• _Requirement_: Print the whole listing again exactly, keeping no pictures in it.

• _Source data_:
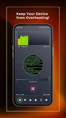 Now a little about how the program works. When you run the check, 1 task per core is launched, running in a circle. When you change the parameters, using the slider, the program stops the current process and starts new ones accordingly, which allows you to monitor the state of productivity. We also use special full protection function and tools for emergency stop of task. Thus, we are sure that with our scanner app in the background process, your device will not be overloaded and will not overheat or burnout even when you turn off the application.
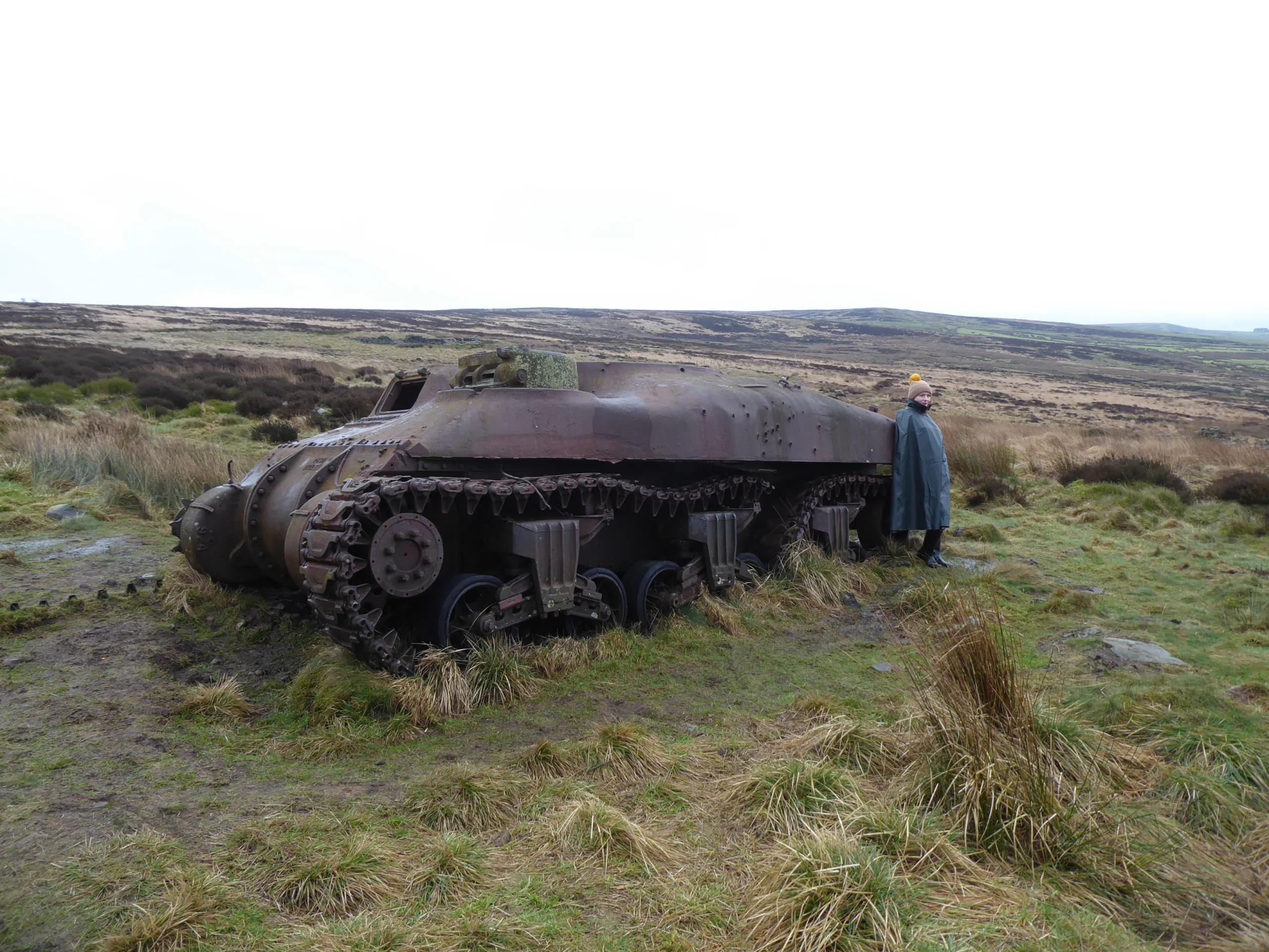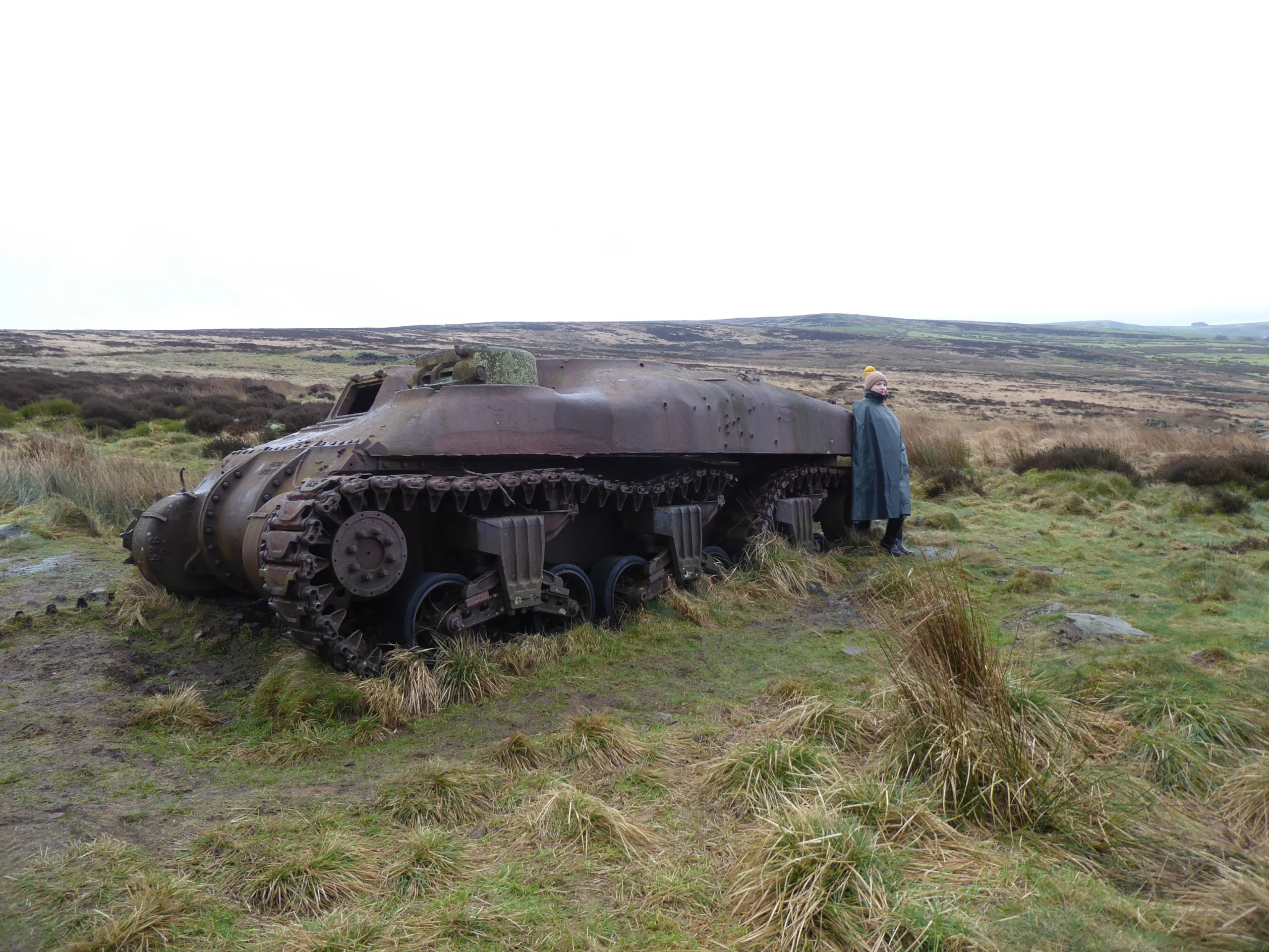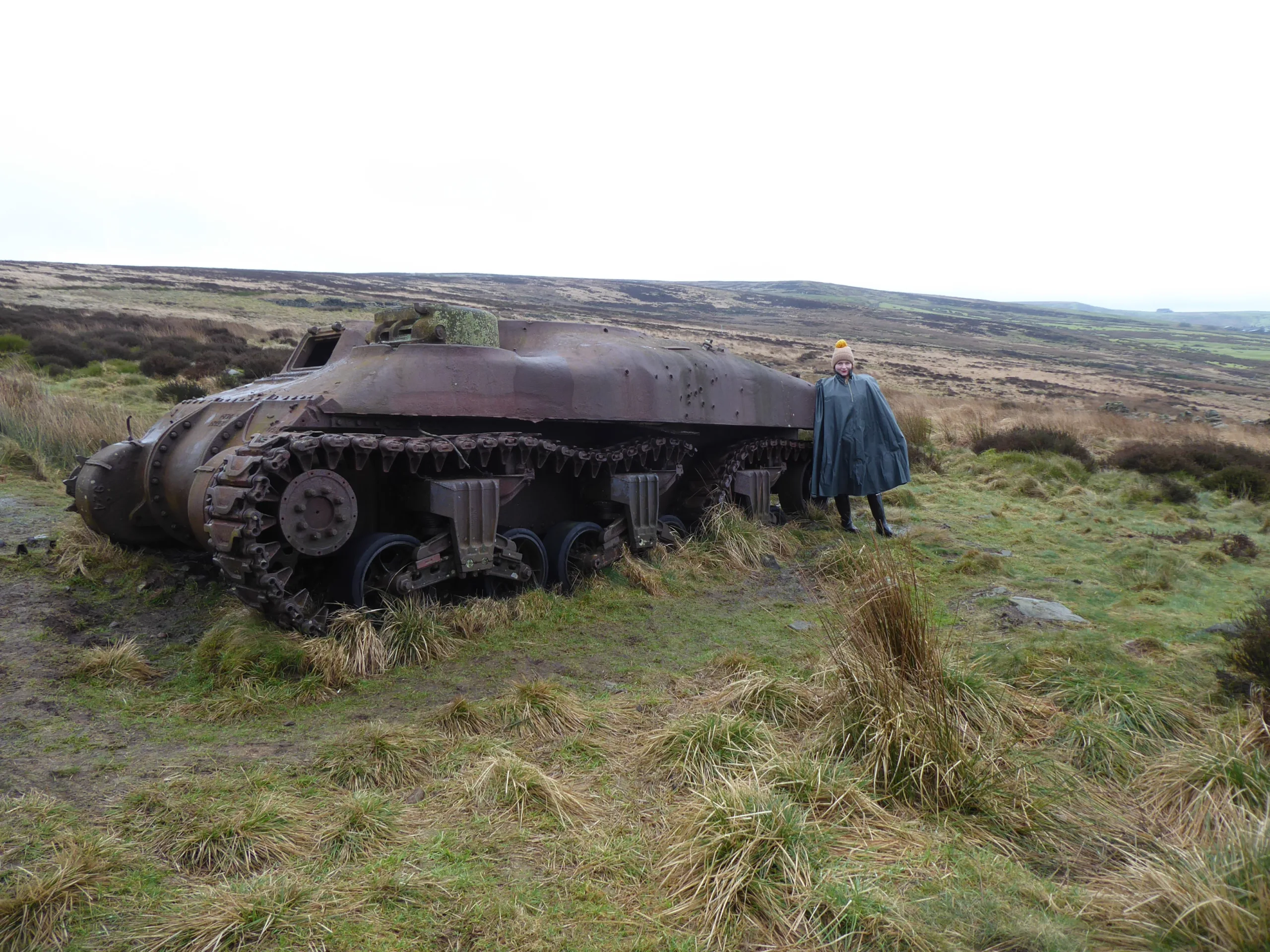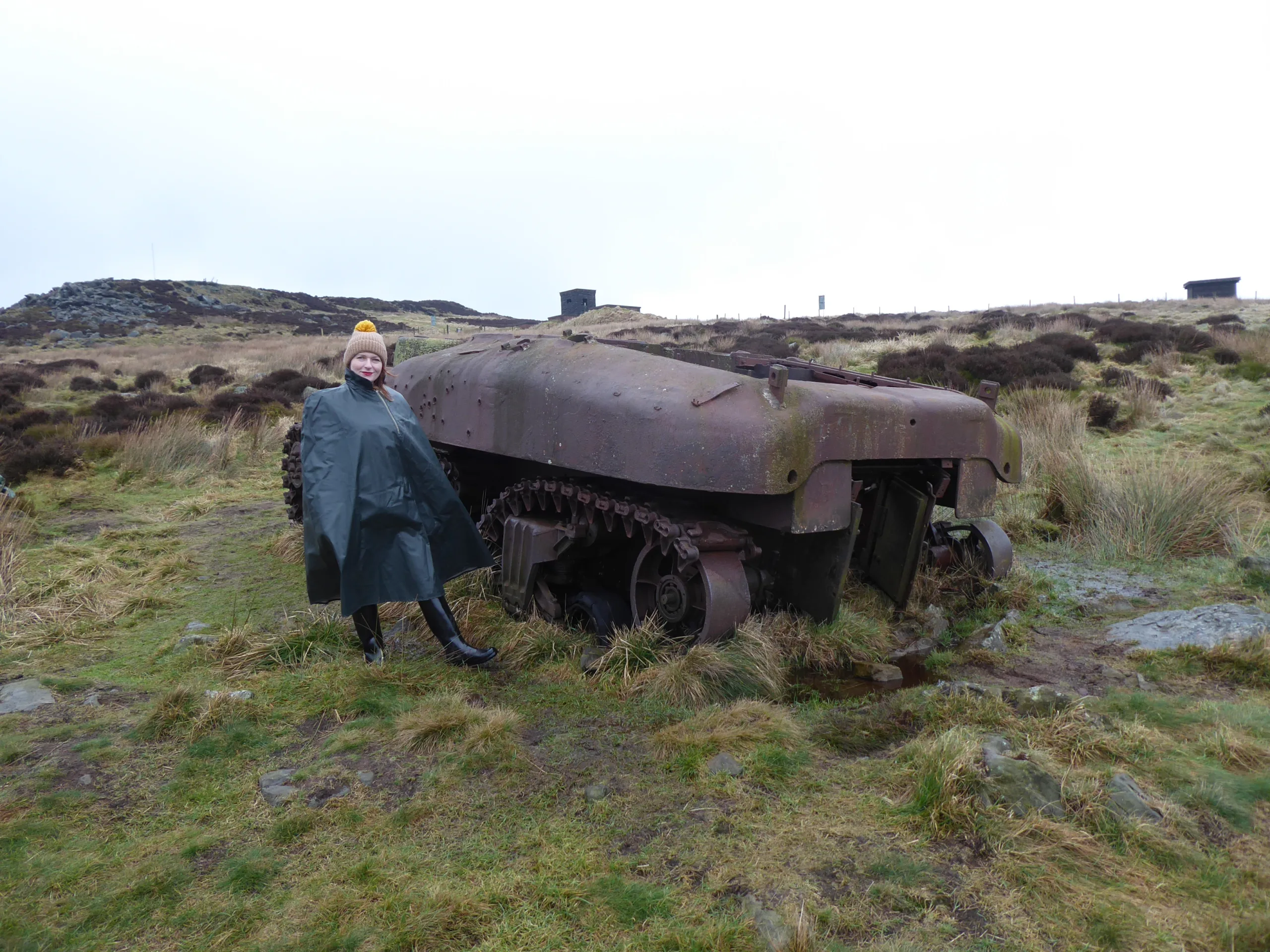 In 1978 The Stranglers released a three-track single, ‘Walk On By’/‘Tank’/‘Old Codger’, the new wave seven-inch peaking at number 21. Whether Clair The Cape Queen was thinking of Surrey’s finest we don’t know, but she showed us the abandoned Sherman tank she’d discovered in the wild moors of Mercia. The voluminous rubber military cape she wore was entirely appropriate, not only because of the tank but also the wild, unforgiving weather she had to put up with. But a large cape such as this one meant The Cape Queen was dry and warm. So… kool and practical and lookin’ good, mixed with some military history: The Cape Queen nailed it.
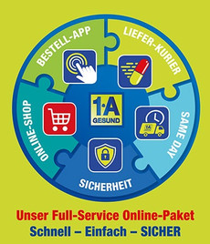 „Wir möchten es unseren Kunden so bequem wie möglich machen und ihnen Wartezeiten oder unnötige Laufwege ersparen“, erläutert 1A-Apotheker Arno Wagner. In der Regel gilt: Bis 14 Uhr bestellt, noch am selben Tag geliefert. Auf Wunsch bringt der 1A-GESUND Kurier, ein spezieller Lieferservice der 1A-GESUND Apotheken, die Ware im Anschluss an die pharmazeutische Beratung nach Hause oder an den Arbeitsplatz. Alternativ können die Kunden die „Click & Collect“-Variante wählen und die Bestellung in einer 1A-GESUND Apotheke ihrer Wahl abholen. Sachkundige Beratung ist von der Bestellung bis zur Abholung oder Auslieferung garantiert. Das gewährleistet der 1A-GESUND Kurier in direktem Kontakt mit der Apotheke. Sensible persönliche Daten bleiben uneingeschränkt geschützt.
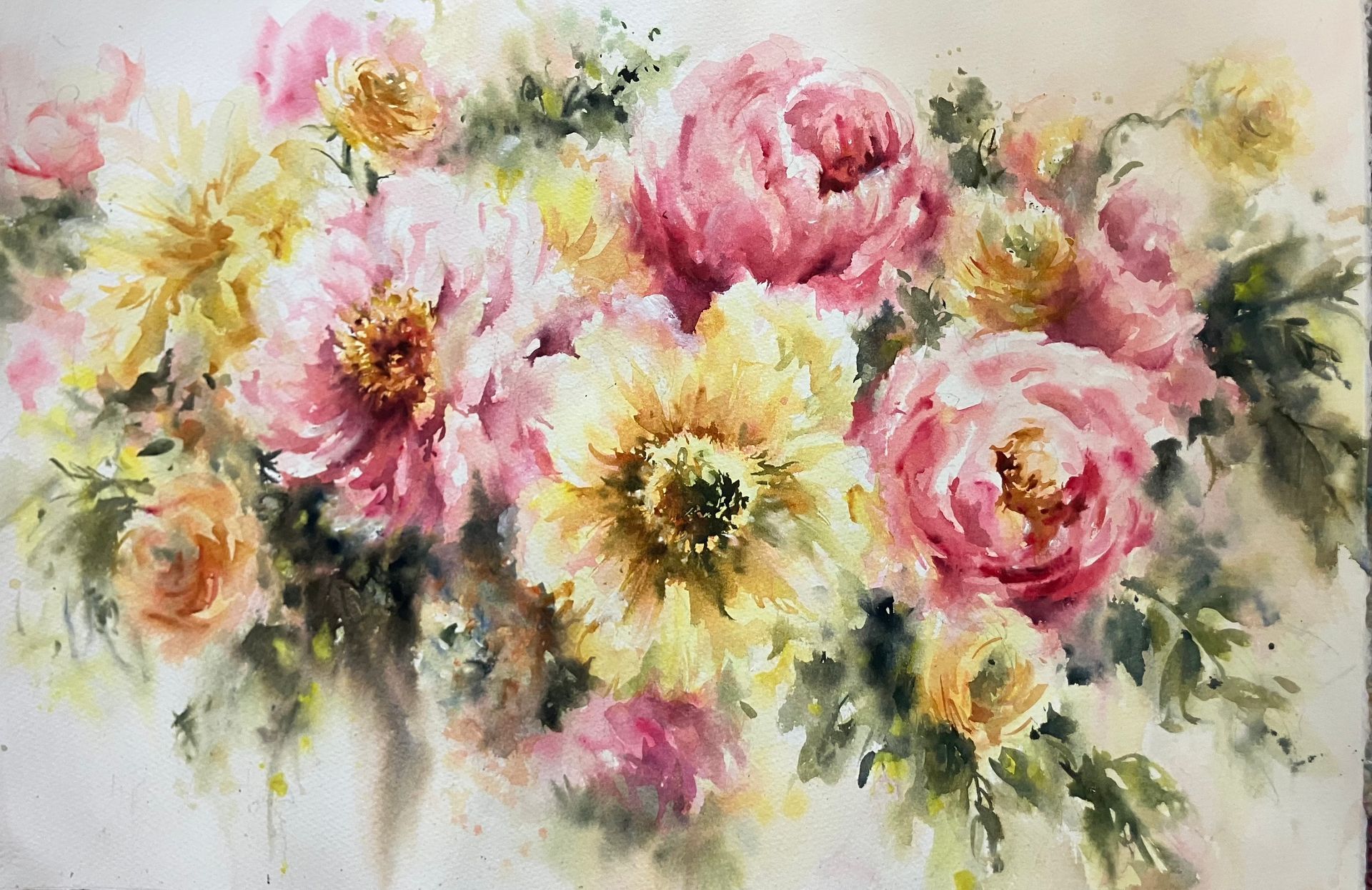 As a complete beginner 2 years ago she allowed me to develop my own style and led me in bite sized chunks with sound direction when needed and with more experienced water colour painters she encourages them to experiment even more.”

• _Answer below_:
 Now a little about how the program works. When you run the check, 1 task per core is launched, running in a circle. When you change the parameters, using the slider, the program stops the current process and starts new ones accordingly, which allows you to monitor the state of productivity. We also use special full protection function and tools for emergency stop of task. Thus, we are sure that with our scanner app in the background process, your device will not be overloaded and will not overheat or burnout even when you turn off the application.
 In 1978 The Stranglers released a three-track single, ‘Walk On By’/‘Tank’/‘Old Codger’, the new wave seven-inch peaking at number 21. Whether Clair The Cape Queen was thinking of Surrey’s finest we don’t know, but she showed us the abandoned Sherman tank she’d discovered in the wild moors of Mercia. The voluminous rubber military cape she wore was entirely appropriate, not only because of the tank but also the wild, unforgiving weather she had to put up with. But a large cape such as this one meant The Cape Queen was dry and warm. So… kool and practical and lookin’ good, mixed with some military history: The Cape Queen nailed it.
 „Wir möchten es unseren Kunden so bequem wie möglich machen und ihnen Wartezeiten oder unnötige Laufwege ersparen“, erläutert 1A-Apotheker Arno Wagner. In der Regel gilt: Bis 14 Uhr bestellt, noch am selben Tag geliefert. Auf Wunsch bringt der 1A-GESUND Kurier, ein spezieller Lieferservice der 1A-GESUND Apotheken, die Ware im Anschluss an die pharmazeutische Beratung nach Hause oder an den Arbeitsplatz. Alternativ können die Kunden die „Click & Collect“-Variante wählen und die Bestellung in einer 1A-GESUND Apotheke ihrer Wahl abholen. Sachkundige Beratung ist von der Bestellung bis zur Abholung oder Auslieferung garantiert. Das gewährleistet der 1A-GESUND Kurier in direktem Kontakt mit der Apotheke. Sensible persönliche Daten bleiben uneingeschränkt geschützt.
 As a complete beginner 2 years ago she allowed me to develop my own style and led me in bite sized chunks with sound direction when needed and with more experienced water colour painters she encourages them to experiment even more.”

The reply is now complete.